Well, maybe not literally, but 100% of first mortgage lenders cannot live without it. The American Land Title Association (ATLA) estimates title problems arise in 36% of property transactions. Why wouldn’t a lender want insurance protecting their security with those types of odds?
Whether a borrower is purchasing a new home or refinancing an existing one their lender will require the purchase of a lender’s title insurance policy. Such a policy protects the lender from loss or damage resulting from liens, encumbrances, or defects in the title to the property given as security in exchange for loan. In much the same way title insurance can protect property owners too.
The first step in issuing a policy of title insurance is the title search. The closing attorney performs or orders the title search which includes a search of the tax and deed records for the property given as security. The search is to determine if any taxes are owed, the names of the property owners, and whether there are any existing liens on the property, including mortgages, judgments, and tax executions.
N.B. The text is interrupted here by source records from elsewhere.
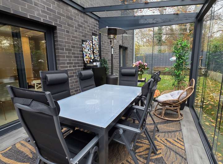 Zur Immobilie gehören eine große Terrasse mit 15 m² Wintergarten, sowie zwei praktische Geräteschuppen. Der gepflegte Garten bietet ausreichend Platz für Freizeit und Erholung.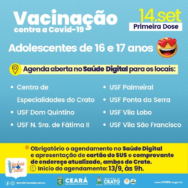 A Prefeitura Municipal do Crato, através da Secretaria de Saúde, inicia nesta segunda-feira, 13, o agendamento no Saúde Digital, a partir das 9h, para a Vacinação contra a Covid-19, dos adolescentes de 16 e 17 anos.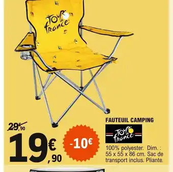 | Fauteuil camping | E.Leclerc | 24,90 € | 19,90 € | -5€ | 03 juin 2025 | 21 juin 2025 | |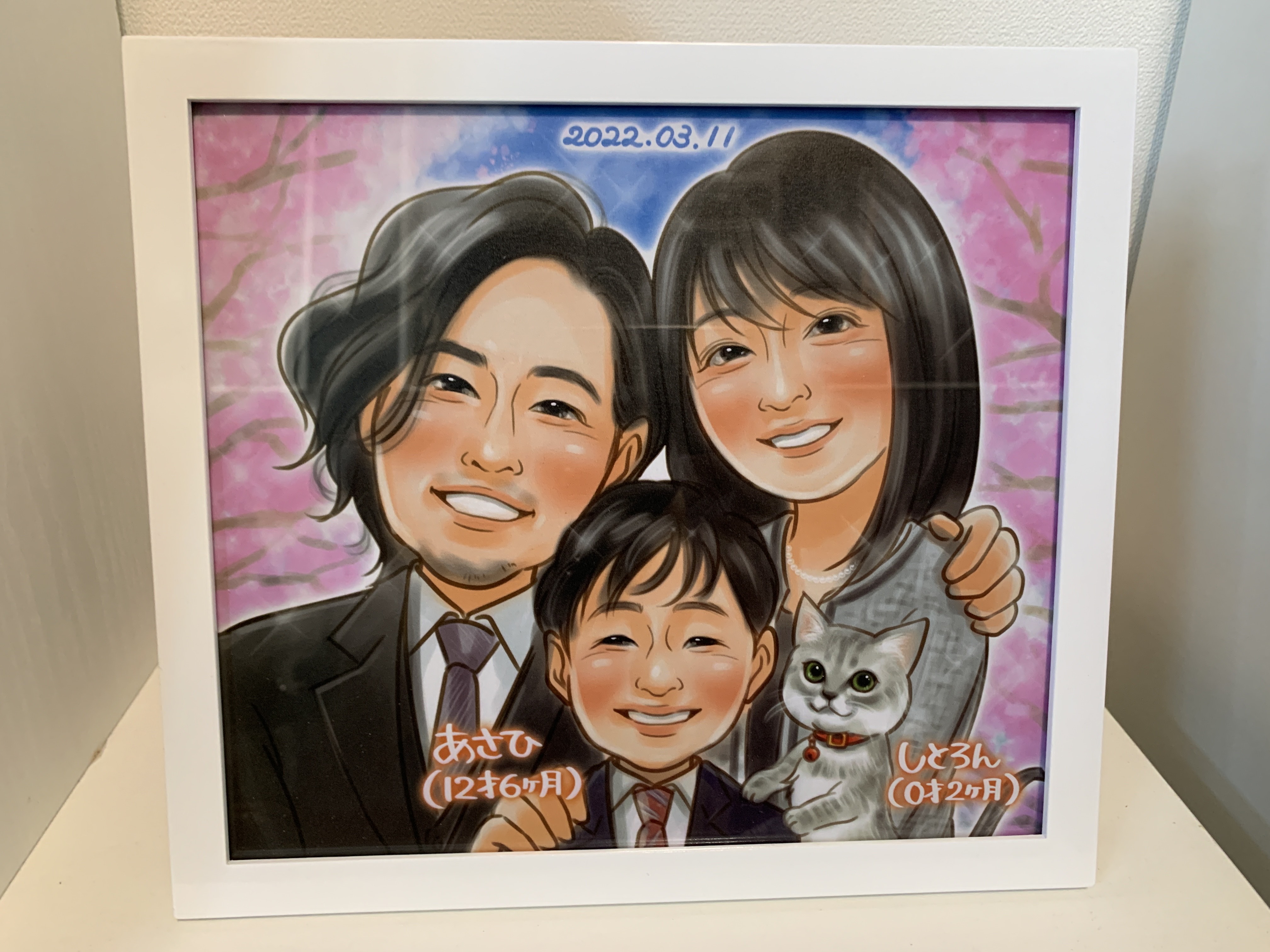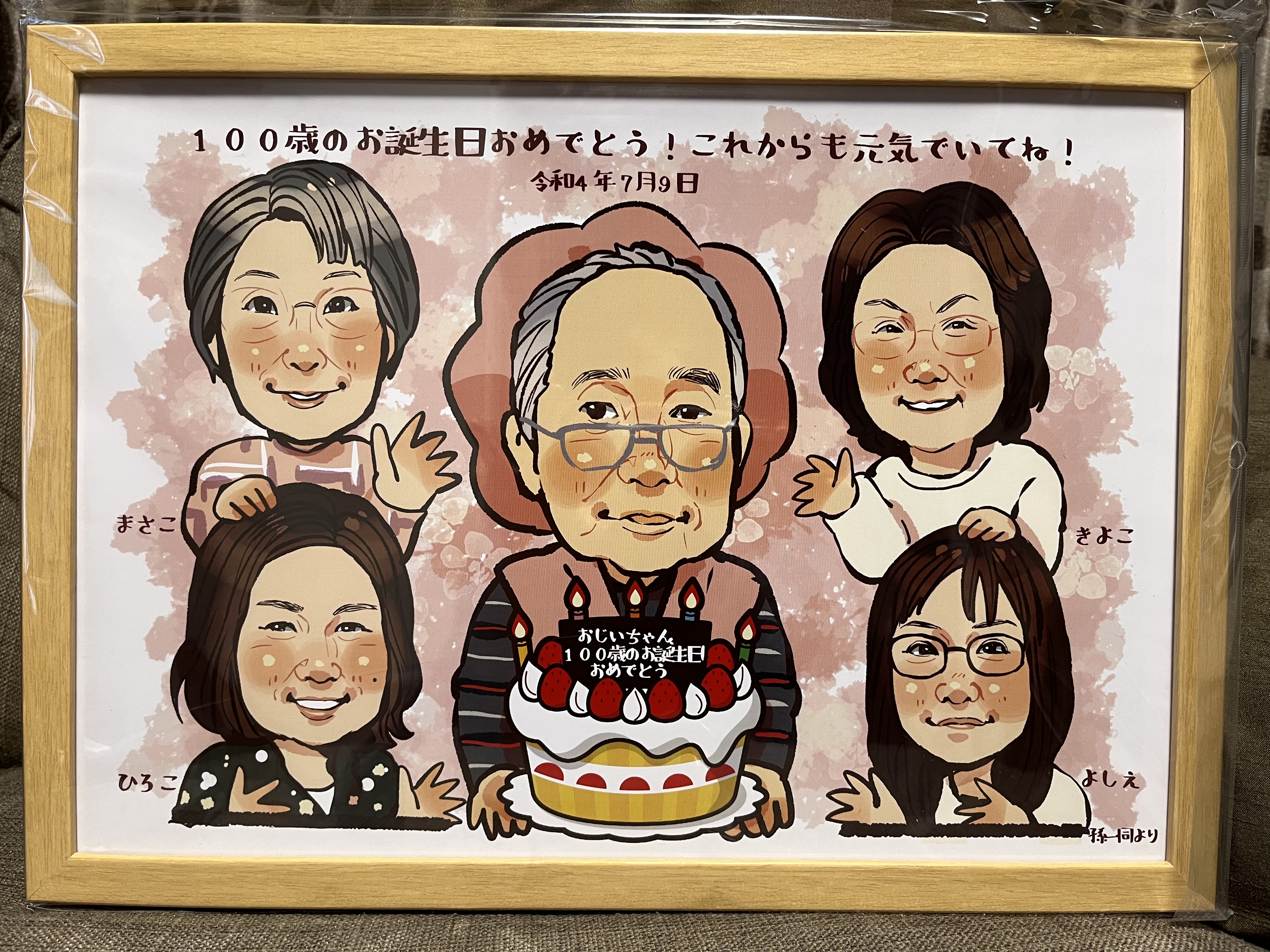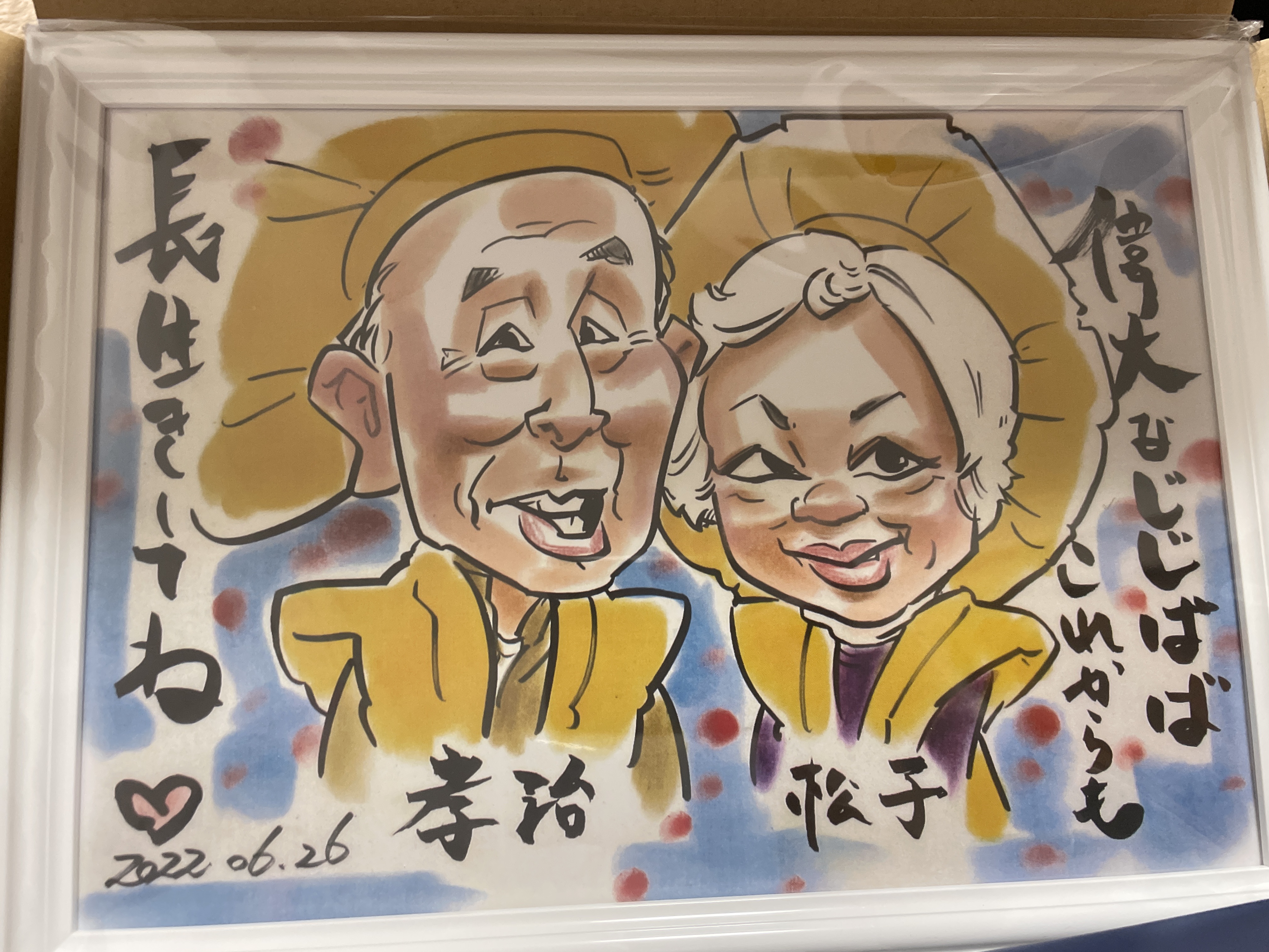 今回、コロナ禍の影響で約8年ぶりに親戚一同が集まるという事もあり、サプライズで子供・孫からのプレゼントとして発注させて頂きました。2家族分注文させて頂きましたが、とても鮮明な似顔絵で写真の特徴をしっかり捉えたクオリティーの高い似顔絵が手元に届きました。現代のカメラ・携帯カメラは鮮明な写りで顔の表情を映し出してくれますが、似顔絵の場合、蛍光色を使用することで写真には無い、色彩の表現を全面に映し出してくれるのでとても綺麗な作品だと感じました。お盆休みに渡すまで時間が待ち遠しいですが、似顔絵のフレーム(額縁)際に、子供・孫たちが写った写メを何枚か入れてみて、さらに似顔絵に花を咲かせてみようかと思います。ありがとうございました。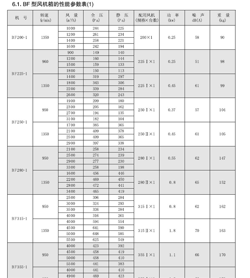 四、BF型風(fēng)機(jī)箱配置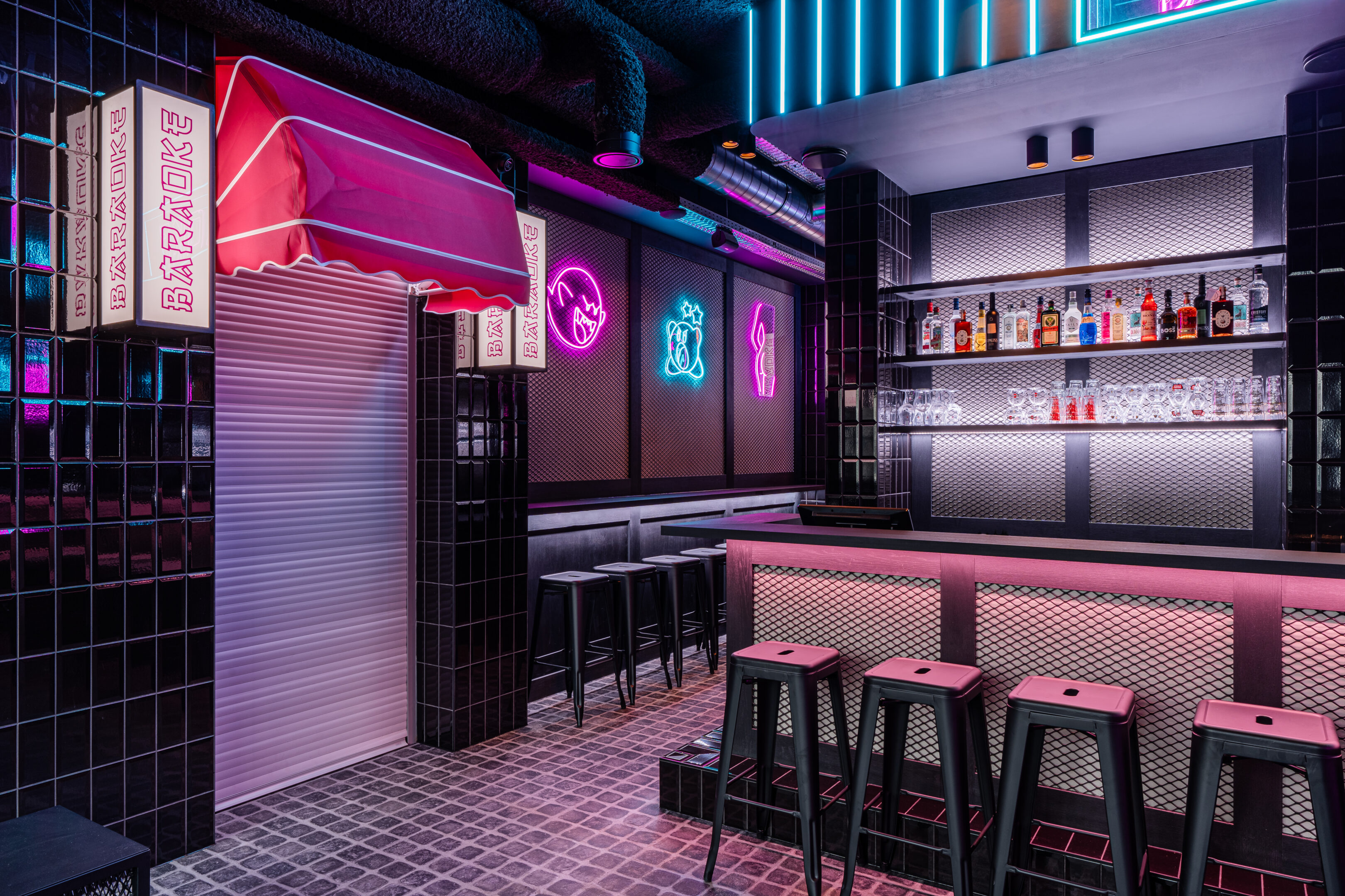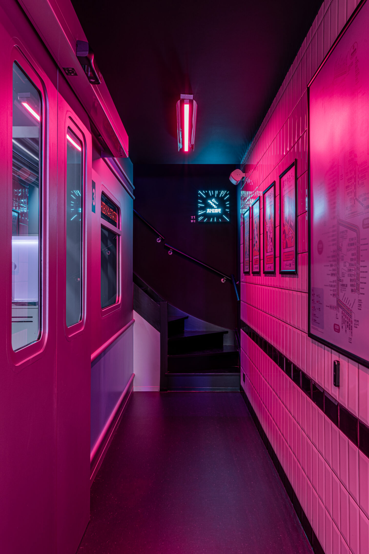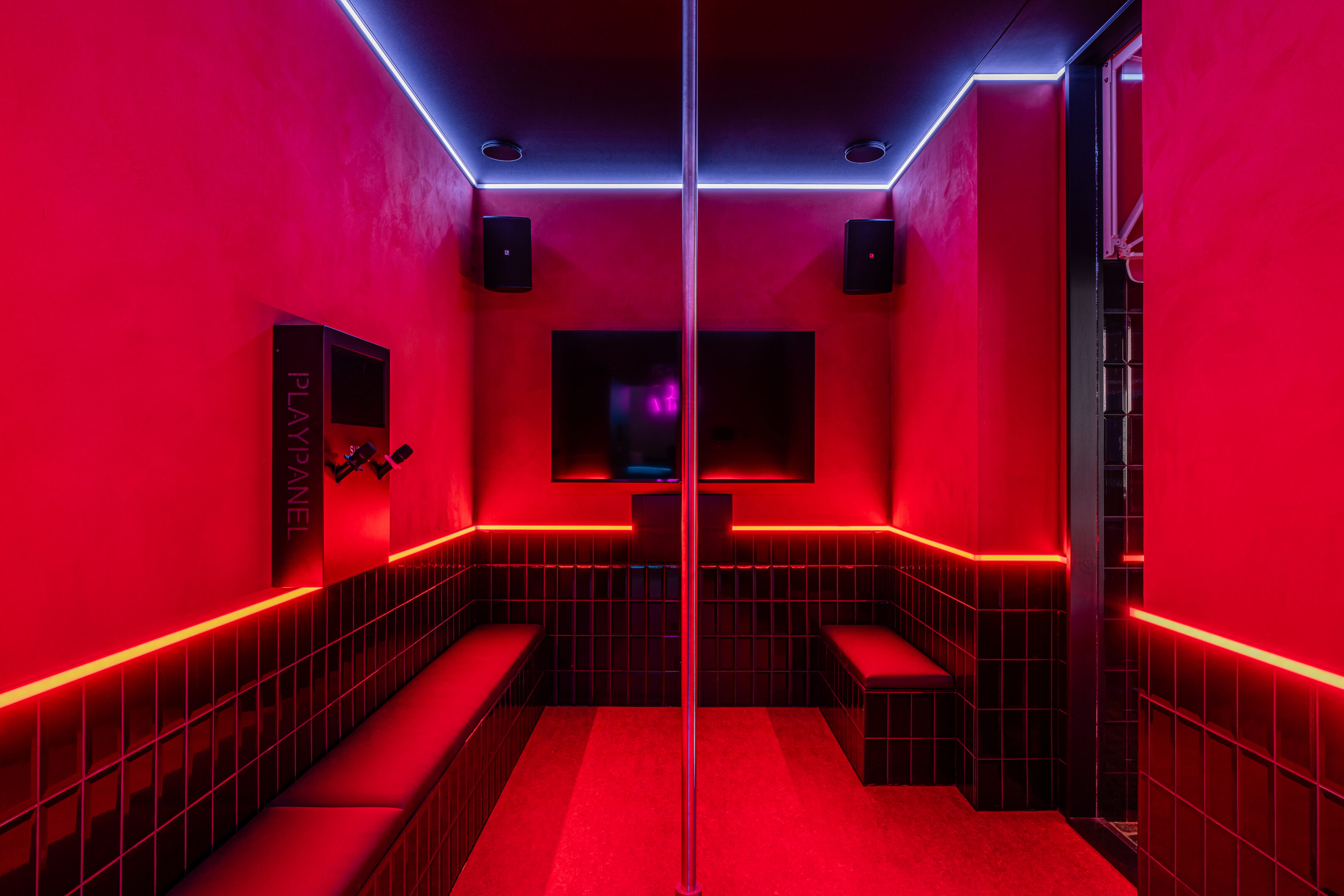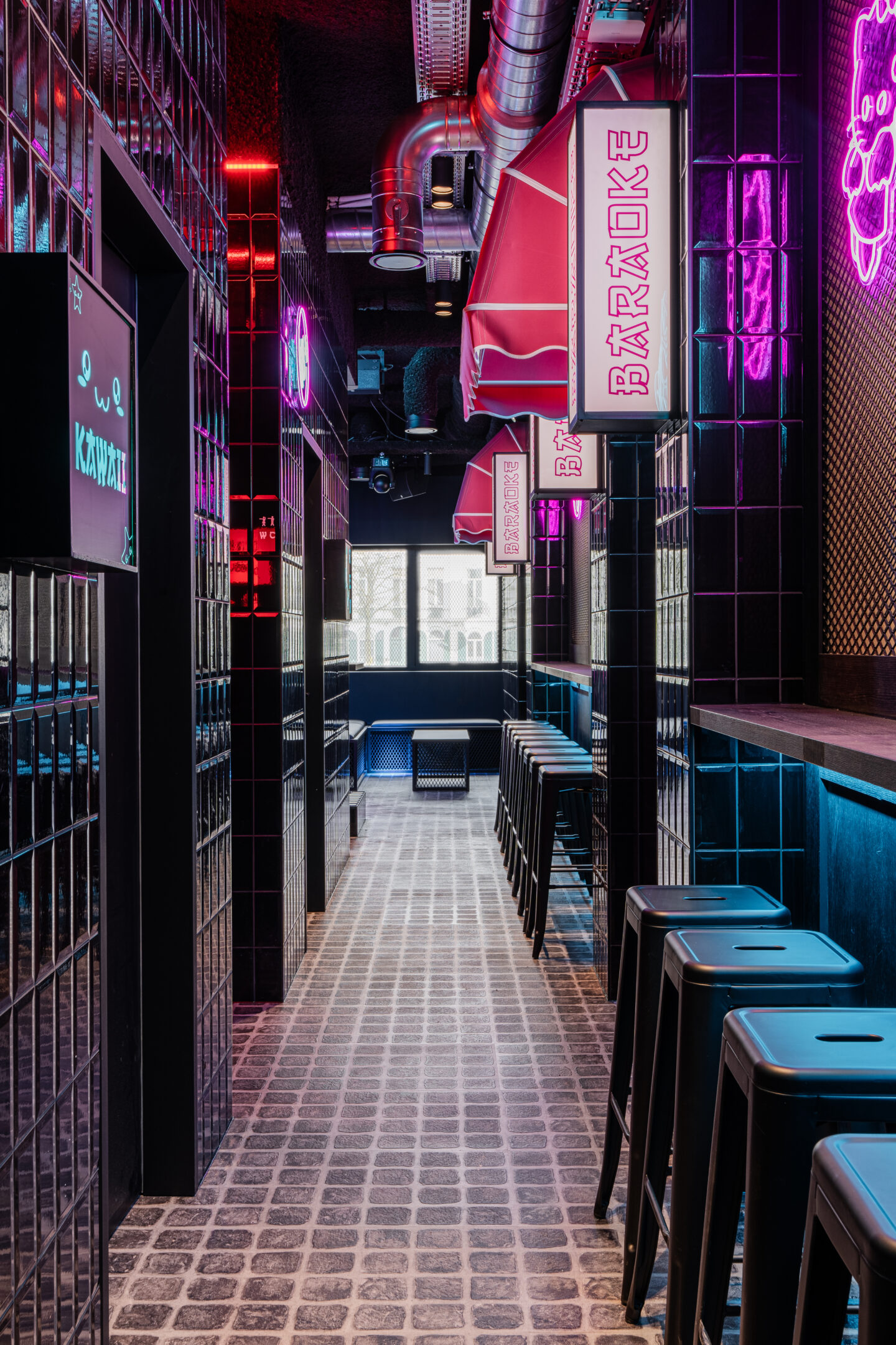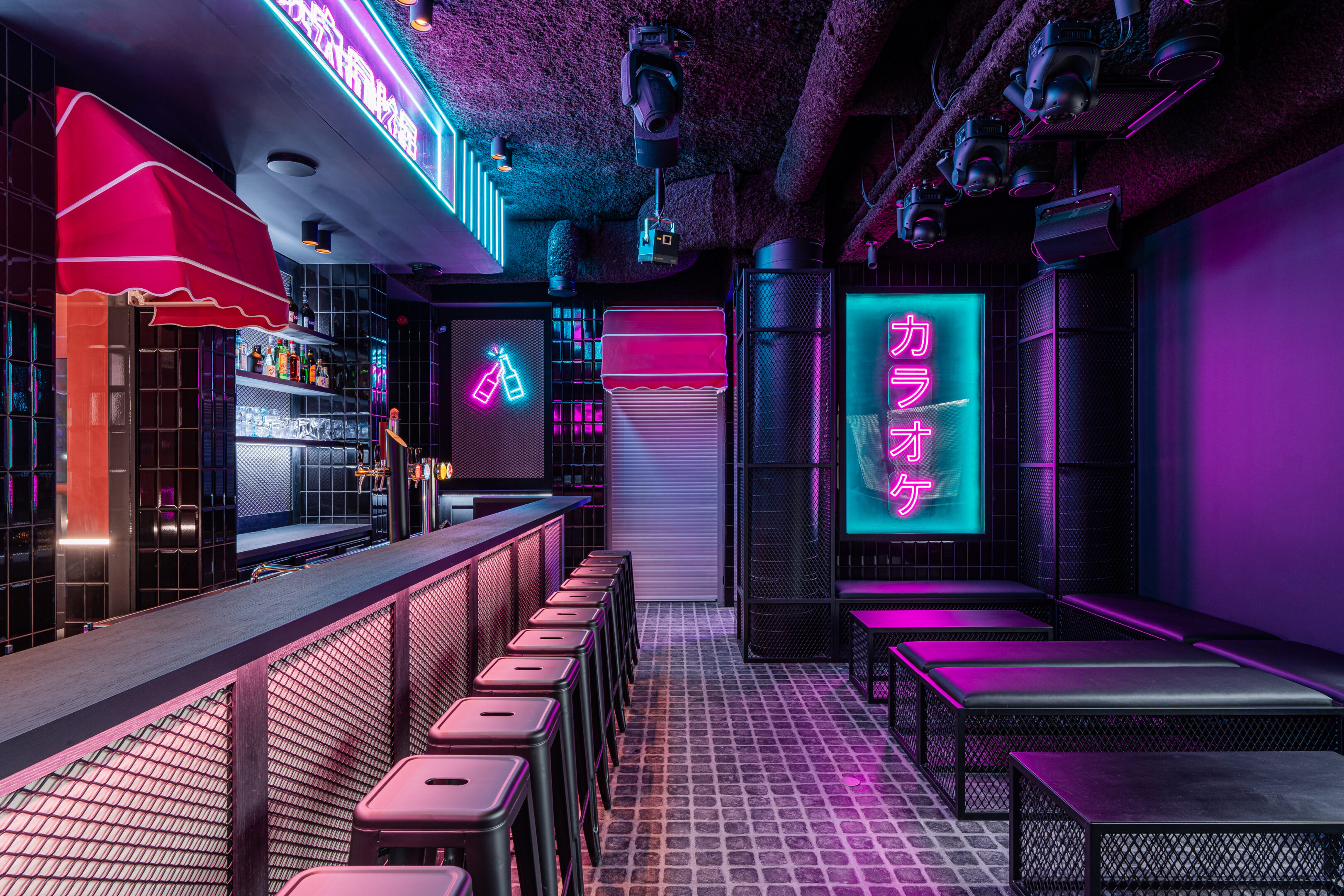 De verlichting speelt een centrale rol in de totale beleving van deze karaokebar en begeleidt bezoekers van de bar tot de thematische karaokeruimtes. Door een zorgvuldig samenspel van accenten, kleur en lichtintensiteit sluit het licht naadloos aan bij het interieur en draagt het bij aan een intense, maar gebalanceerde sfeerbeleving.

The most common problems uncovered by a title search involve missing releases or satisfactions for paid off liens or mortgages, followed by misspelled names and incorrect legal descriptions. Although infrequent, the most troublesome title issue to correct involves estates of deceased property owners. Prior to closing and issuing a title policy the closing attorney will work to correct any issues found during the title search. But even the best title search cannot uncover forgeries, unknown heirs, or misindexed documents. That’s where title insurance comes in.
Lenders rely on title insurance to protect their asset (the loan) and insure the marketability of the debt (most all loans are packaged and sold to an investor). Home owners when buying property should follow suit and protect themselves from loss too.